Global health research partnerships are increasingly taking the form of consortia that conduct programs of research and research capacity strengthening in low and middle-income countries (LMICs). These consortia are alliances of universities, research institutes, and other organisations such as commercial companies (Dockrell, 2010). Their research programs focus on product development (vaccines, drugs, diagnostics) for specific diseases; the delivery, safety, and cost-effectiveness of particular medical products for specific diseases; broader aspects of health systems (governance, financing, service delivery, human resources, information technology); or the social or structural determinants of particular diseases (Pratt and Hyder, 2016).

Such partnerships have increasingly been recognised as a “powerful tool” to reduce global disparities in health and research capacity (CHRD, 1990; xvii; Ministerial Summit on Health Research, 2004, Global Ministerial Forum on Research for Health, 2008). By bringing together numerous partners that may span several sectors, consortia can leverage their aggregate intellect and resources to promote health equity.

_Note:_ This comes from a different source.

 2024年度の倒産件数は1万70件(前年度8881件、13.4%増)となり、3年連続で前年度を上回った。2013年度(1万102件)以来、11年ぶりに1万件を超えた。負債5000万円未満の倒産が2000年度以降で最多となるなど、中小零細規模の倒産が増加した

They are seen as an effective way to reduce duplication in research and develop research capacity, including by building closer South-South linkages (Dockrell, 2010).

Governance has been identified as a key mechanism for establishing and attaining health equity objectives (Ruger, 2011, Ruger, 2012, Gostin, 2014). Governance of research consortia refers to their decision-making, encompassing the processes by which consortia make decisions about their goals, priorities, and allocation of resources; who makes such decisions; and the outputs of these processes. An account from political philosophy called shared health governance has been applied to derive initial ethical guidance on what features of governance are necessary for consortia (comprised of institutions from high-income countries and LMICs) to help reduce global health disparities (Pratt and Hyder, 2016). Shared health governance describes the type of governance needed to achieve global health justice and identifies five components as essential—advancing the goals of health justice, shared sovereignty, shared resources, shared responsibility, and mutual collective accountability (Ruger, 2011, Ruger, 2012). The proposed ethical framework details what consortia should do to uphold each of the components of shared health governance (Pratt and Hyder, 2016). It was developed by bioethicists from the US. Feedback and input on its content have been sought from LMIC bioethicists and researchers.

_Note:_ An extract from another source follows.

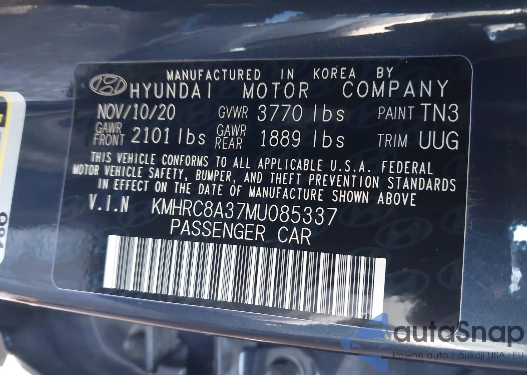 • VIN KMHRC8A37MU085337
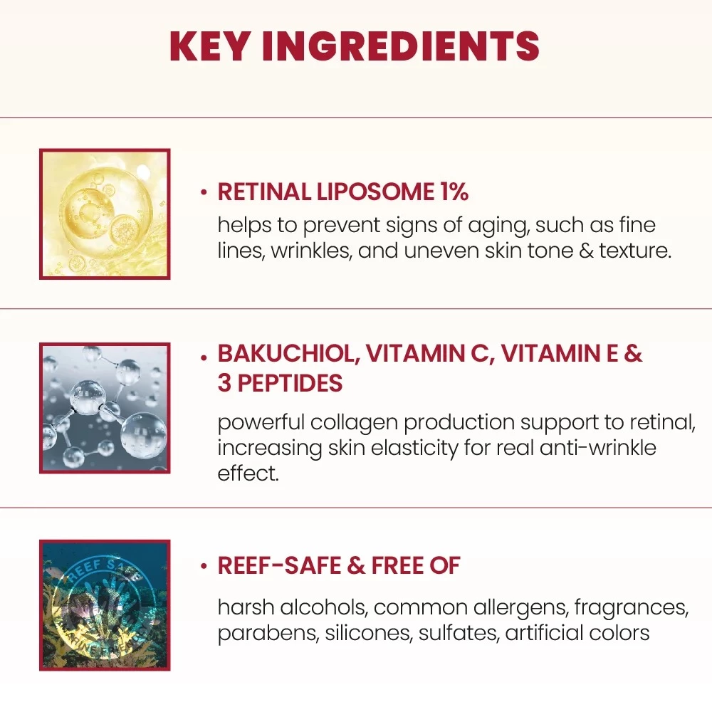 Cremă de îngrijire zilnică cu 1% retinal încapsulat în lipozomi și extracte fermentate din orez și plante, destinată combaterii semnelor vizibile ale îmbătrânirii, precum ridurile și hiperpigmentarea.

According to the ethical framework, advancing health justice means three elements of consortia's research enterprise are key—their research priorities, capacity development strategies, and research uptake and translation strategies—because these elements can link their activities to the ends of justice1 (Pratt and Hyder, 2016). Global health research consortia should ensure such elements are present and structured to promote the health of those with the poorest health globally. Sharing sovereignty calls for consortia to undertake priority-setting in an inclusive and deliberative manner led by LMIC partners. Sharing resources requires that consortia partners receive their fair share of consortia resources and allocate them to equity-oriented research, research capacity strengthening, and research translation activities. Mutual collective accountability entails agreement by consortia members on both the goals of their joint work and how it's to be judged (Pratt and Hyder, 2016). More detail on how consortia should uphold each component of shared health governance is provided in Fig. 1.

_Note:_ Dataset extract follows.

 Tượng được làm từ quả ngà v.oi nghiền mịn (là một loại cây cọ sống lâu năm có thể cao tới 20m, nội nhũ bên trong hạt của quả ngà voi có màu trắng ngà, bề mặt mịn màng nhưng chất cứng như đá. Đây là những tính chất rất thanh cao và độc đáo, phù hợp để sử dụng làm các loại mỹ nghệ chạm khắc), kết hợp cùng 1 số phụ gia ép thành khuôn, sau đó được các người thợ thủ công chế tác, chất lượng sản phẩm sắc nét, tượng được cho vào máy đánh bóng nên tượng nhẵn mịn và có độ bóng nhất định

Although ethical guidance linking governance of transnational global health research consortia to the promotion of health equity is starting to be defined, practices capable of fulfilling it have yet to be described. Some work in bioethics has assessed whether global health research collaborations generate social value and advance health justice in LMICs (Pratt et al., 2014, Lairumbi et al., 2008), but these studies do not explicitly focus on collaborations' governance. As part of a first effort to explore whether and how consortia uphold shared health governance, case study research was undertaken with the Future Health Systems (FHS) consortium. FHS is a health systems research consortium funded by the UK's Department for International Development (DFID).

This paper examines the achievement of shared sovereignty and shared resources by FHS. These components of governance are especially challenging to realise in contexts of power disparities, so it is vital to document existing models of practice that promote their fulfilment. (FHS governance was also examined for furthering the ideals of health justice, but those findings are reported in a separate paper.) Data collected through in-depth interviews, observation at a 2014 FHS annual meeting, and examination of FHS documents were thematically analysed for alignment with proposed framework requirements for shared sovereignty and shared resources. Ultimately, the paper provides useful lessons for global health research consortia seeking to more systematically link their governance to their equity objectives. Insights from this case study also helped identify areas for revision and expansion of the ethical framework.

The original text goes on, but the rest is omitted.